From my lowly point of view the most pressing issue is THIS problem rather than trying to forcefully get some kinky sex going. I'm just a clueless woman with over 25 years experience though. 🤣 (and I'm apparently rather bitter over this slight) 🤣
rochellesub​(sub female)
2 years ago • Feb 9, 2022
rochellesub​(sub female) • Feb 9, 2022
I apologize for offending you. I did not mean it and that was my oversight in my initial post. Although I didn't provide all the details to my situation fully, I respect this point of view and will take this into ultimate consideration. My husband leans towards being dominate and so that is why he is okay and enjoys with experimenting with me in this realm. I don't think our relationship will every be a full sub/dom dynamic because it isn't something that he is truly invested in so yes, thank you for helping me see that.
rochellesub​(sub female)
2 years ago • Feb 9, 2022
rochellesub​(sub female) • Feb 9, 2022
Wow there is so much to digest here. Thank you so much for taking the time to write all that down. I will take a couple of days to digest this and make mental notes to try to help our relationship.
salutexlovely​(sub female){{Owned}}
2 years ago • Feb 22, 2022
I have this friend ( dead serious lol she's a friend) who reaaaaallllllly wanted her husband to explore some "kinkier" things. And some of her experiences may spark something for you so I'm gonna share a few.
Firstly , he goes on long business trips maybe four or five a year. She had been debating because all she had as far as toys was a vibrator and hadn't told him.
After some encouragement ( and a lot of wine) I got her to send him a naughty message . She as scared! Legit scared he would be like " wtf?" And not be into it. Imagine her surprise when he did! He played right along and they developed a sort of naughty playtime while he was in trips.

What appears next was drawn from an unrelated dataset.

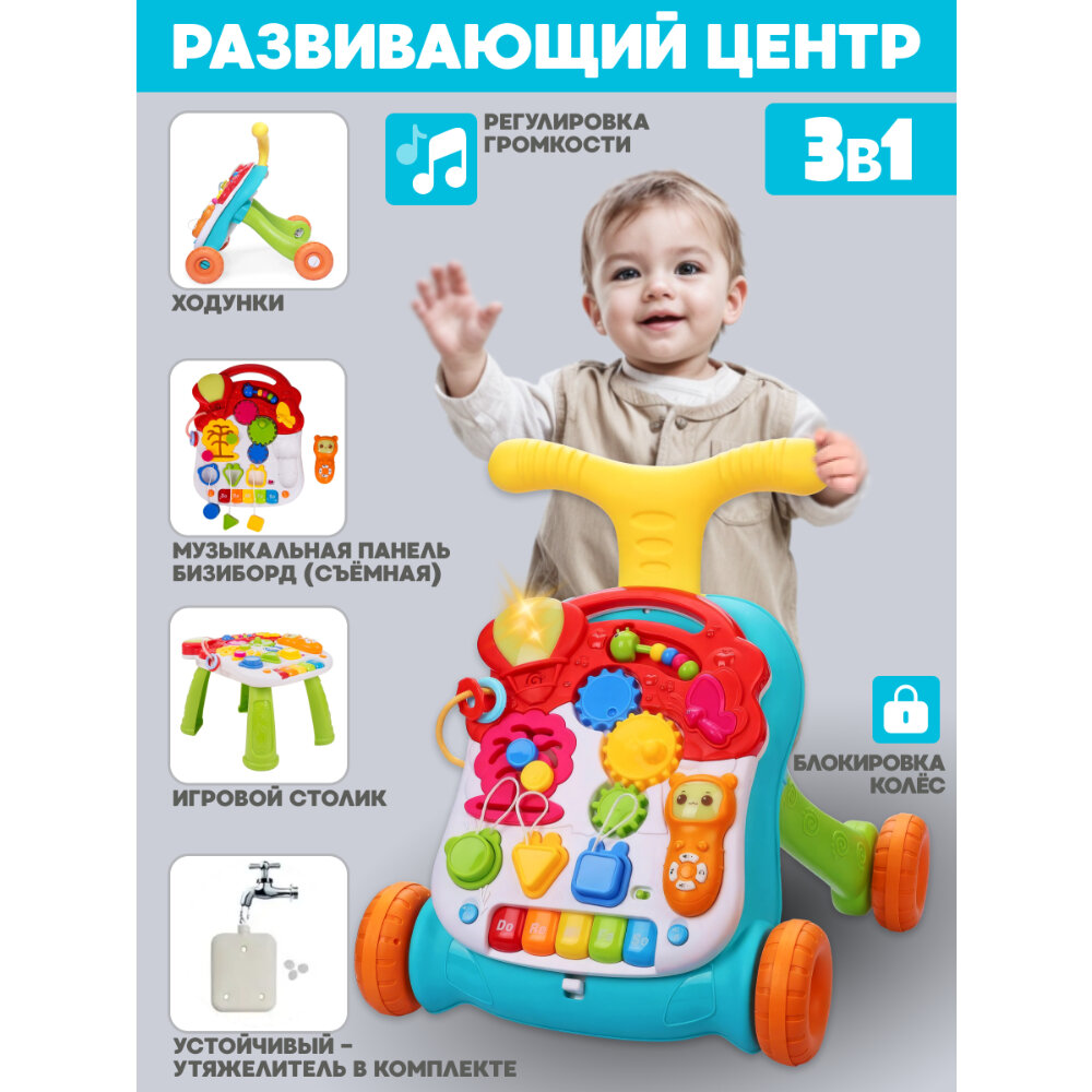 Развивающий бизиборд для малышей, детский игровой центр 3 в 1 стол , ходунки каталка для детей и игровая панель, 5218А/В интересное:

She wanted him to try talking more aggressively during sex. So she started saying things first. He generally only responded with a "mmhm " or " oh yeah" or God help him he would start repeating what she said " we called him a parrot and laughed until we cride.)
But after a few weeks of this she finally told him why she was saying these things and told him some things she had read or heard and thought as arousing for her. And again! The surprise when he listened and responded!

The point I'm making is that she TALKED to him .
It was hard for her. She's naturally a submissive person and ultimately wanted him to develop some more dominanting presence.
We talked at length about why this is so hard to discuss with partners because as a submissive type of person giving direction doesn't feel comfortable... But we also can't expect our partners to read our minds.

Yea, the fantasy of the Dom who is so perfect and can take the lead and the power is the ultimate fantasy , but sometimes I guess our part of encouragement has to be given with some gentle direction.

I hope he is responsive to your forrays into the D/S lifestyle and you both achieve fulfillment 🤗🤗🤗
IronWorld​(sadist male)
2 years ago • Feb 28, 2022

Re: Inspiring My Dom

IronWorld​(sadist male) • Feb 28, 2022
rochellesub wrote:
Hello sirs!

This question is for you. My husband is my dom and doesn't have a high sex drive. Unfortunately, I do. He isn't much interested in the dom/sub world, but does it for me. How do I inspire him to be more in the mood when I am a submissive that doesn't like taking control?

All help appreciated!
A grateful sub,
Rochelle


I happen to know a couple that went through a similar situation. Given the known circumstances of that relationship, I feel I would need to obtain more information of yours (which could be potentially sensitive, so I wont ask in public forum) before I could give any meaningful advice.

On the most superficial level, I would recommend incorporating kink inspired by your husband's personal interests. For example, if your husband likes specific fictional characters, try a little cosplay in your activities. Does your husband like cars? Dress up as a Nascar pit girl or a trophy girl from races gone by.
heartlesslover​(sub female)
2 years ago • Mar 2, 2022
Maybe his idea of being a Dom is different than yours? If he has a low sex drive, maybe you can try more than just ‘in the bedroom’ play. There can be a lot more to it than sex, you just have to figure out what makes you both tick. Hopefully those wants will be compatible.